Saturday, 29 November 2014

Let us clean our Neighborhood

So everyone is taking up the cleanliness drive these days – from celebrities to politicians to sports personalities and even corporate houses. That’s a good initiative. But is it okay to take a drive for 1 day and leave it at that? I was going through some celebrity photos of their cleanliness drive and the only dominant element in their large bins of garbage were dried leaves!!! Now the question is  - do you just see dried leaves on the streets?? I see a whole lot of things – old clothes, stale food, wrappers, vegetable peels, scrap metal, dead rats and just about everything. Definitely much more than just dried leaves.
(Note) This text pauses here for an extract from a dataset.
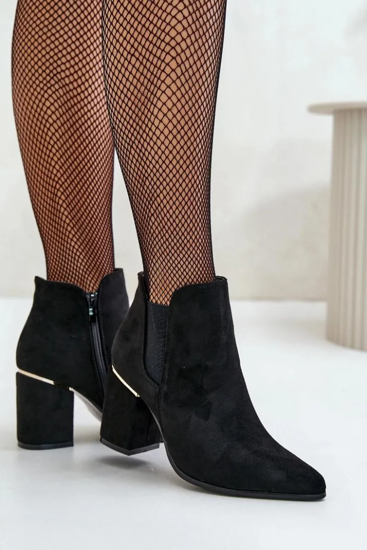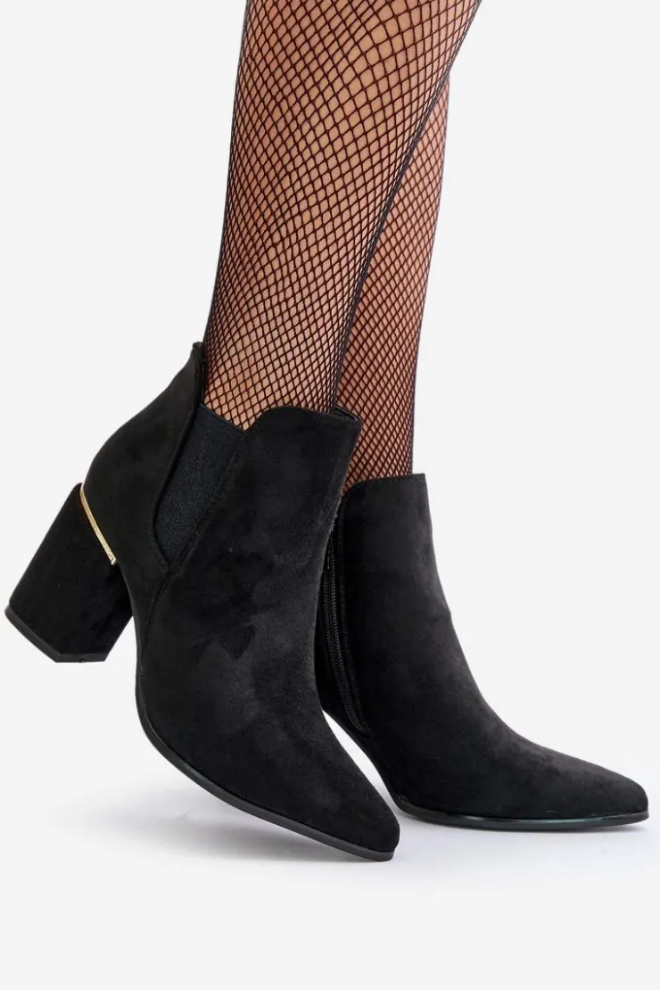 Botki damskie wykonane z miłego w dotyku eko zamszu. Osadzone na obcasie w formie słupka. Zamek umieszczony z boku cholewki ułatwia zakładanie, a usztywniany zapiętek dodaje butom trwałości i wsparcia. Wnętrze ocieplone kocem obuwniczym. Noski w szpic optycznie wysmuklą nogi. Koniecznie sprawdź także pozostałe modele botków dostępnych w naszej ofercie. Przy wyborze rozmiaru prosimy sugerować się tabelą rozmiarów.

Our apartment community had taken a cleanliness drive in our neighborhood in Bangalore once to free our streets (the then pot holed roads) of nails and metal parts. Many of our residents had participated in the drive and there was an incredible amount of metal junk collected from a stretch of 2 km road! Think about all the cars that have been plying on the busy road. We went up against the odds and started this drive early morning on a weekend so that commuters didn’t have a problem. We could do that because we stood up. The corporation, municipality turns deaf and blind in these situations. But should we stop at just that? Isn’t it our responsibility too to take up the responsibility of cleaning up. We don’t have a problem in cleaning our own house, terrace or balcony. We only use the roads – then why can’t we help in cleaning them?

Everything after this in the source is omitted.